Publié le par dans Contrat de travail BTP.

En cas de conclusion d’un marché de travaux, le donneur d’ordre est tenu de vérifier que son cocontractant s’acquitte de ses obligations de déclaration et de paiement des cotisations à l’égard de l’URSSAF. Pour ce faire, le cocontractant doit remettre à son donneur d’ordre une attestation de vigilance dont les règles ont été récemment modifiées.

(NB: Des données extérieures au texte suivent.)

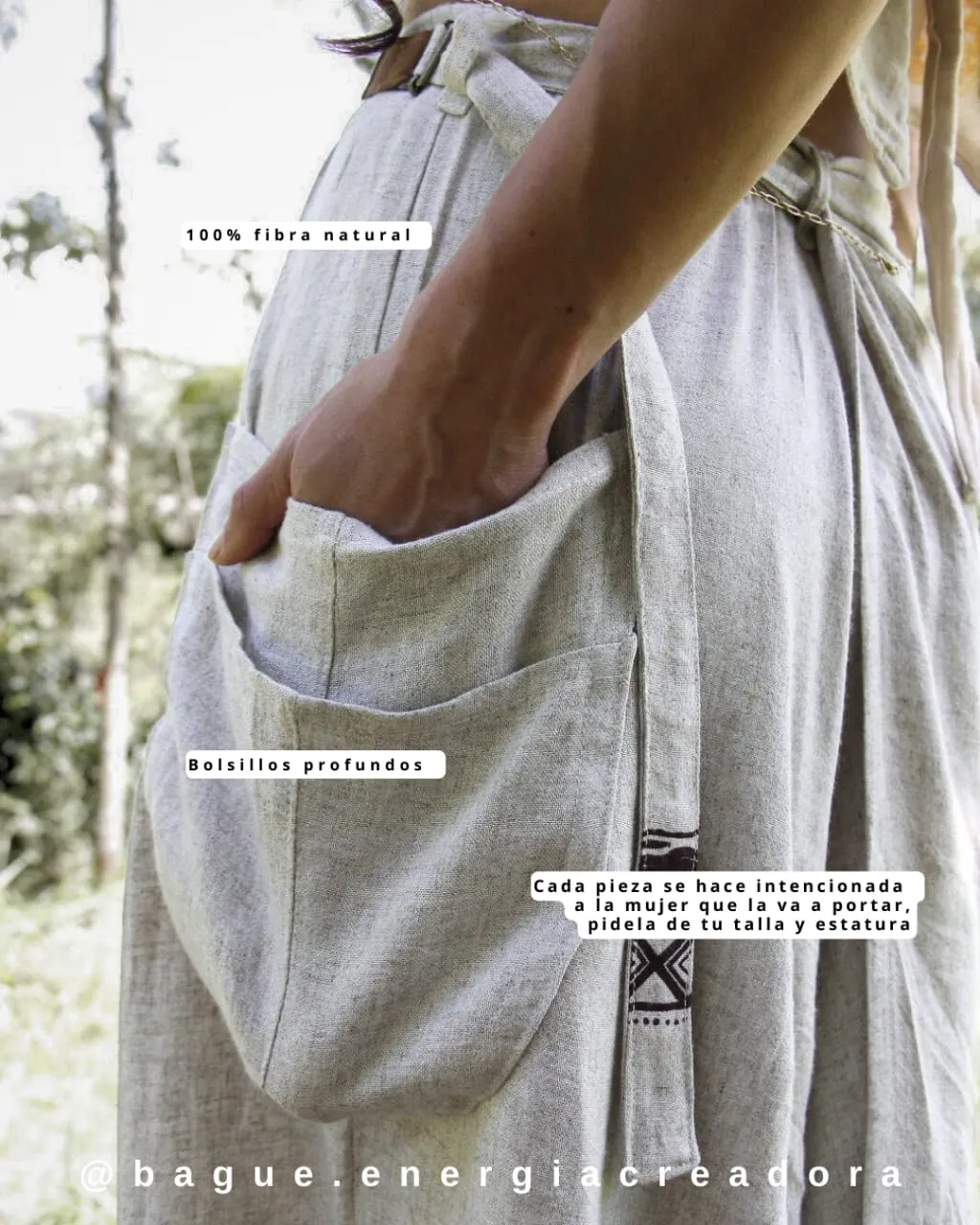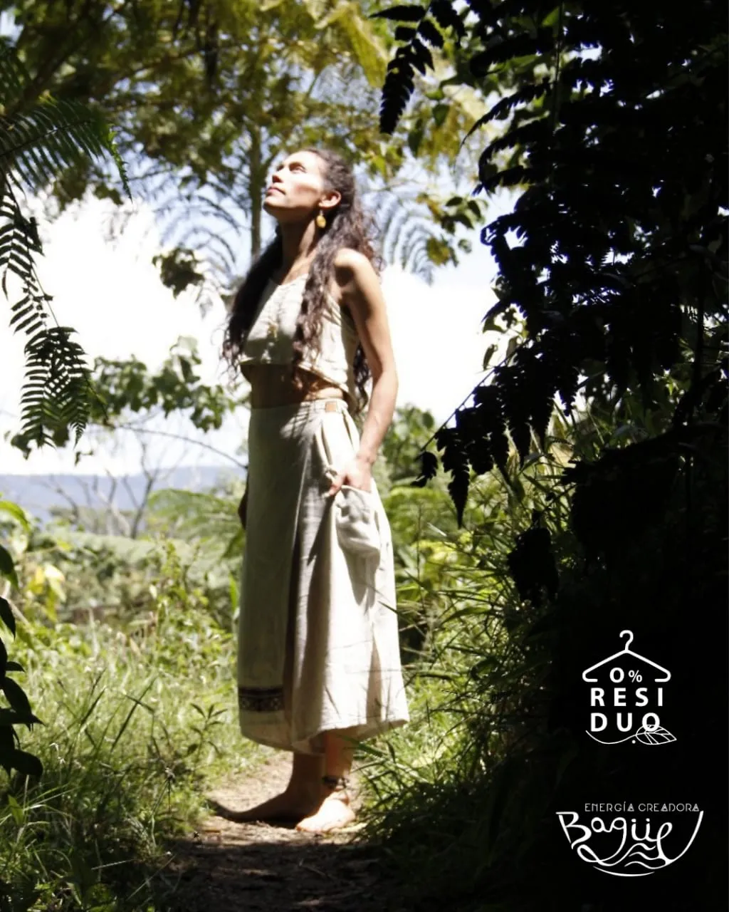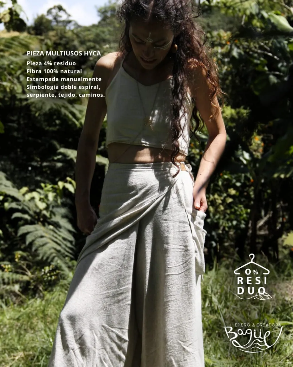 Diseño Consciente: Creada bajo el principio de Cero Residuos (0 RESIDUO), minimizando el impacto de desecho textil al 3% en su producción. Está elaborada con fibra 100% natural.

Attestation de vigilance : obligation de remise pour tous marchés supérieurs à 5.000 euros HT

A l’origine, l’attestation de vigilance était obligatoire pour tous les marchés de travaux dont le montant minimum est fixé à 3.000 euros toutes charges comprises.
Désormais, ce seuil est fixé à 5.000 euros hors taxes. Ainsi, en cas de conclusion d’un marché de travaux d’un montant minimum de 5.000 euros HT, le donneur d’ordre, c’est-à-dire le maitre de l’ouvrage ou l’entreprise principale (en cas de sous-traitance), doit se voir remettre par son cocontractant une attestation de vigilance délivrée par l’URSSAF.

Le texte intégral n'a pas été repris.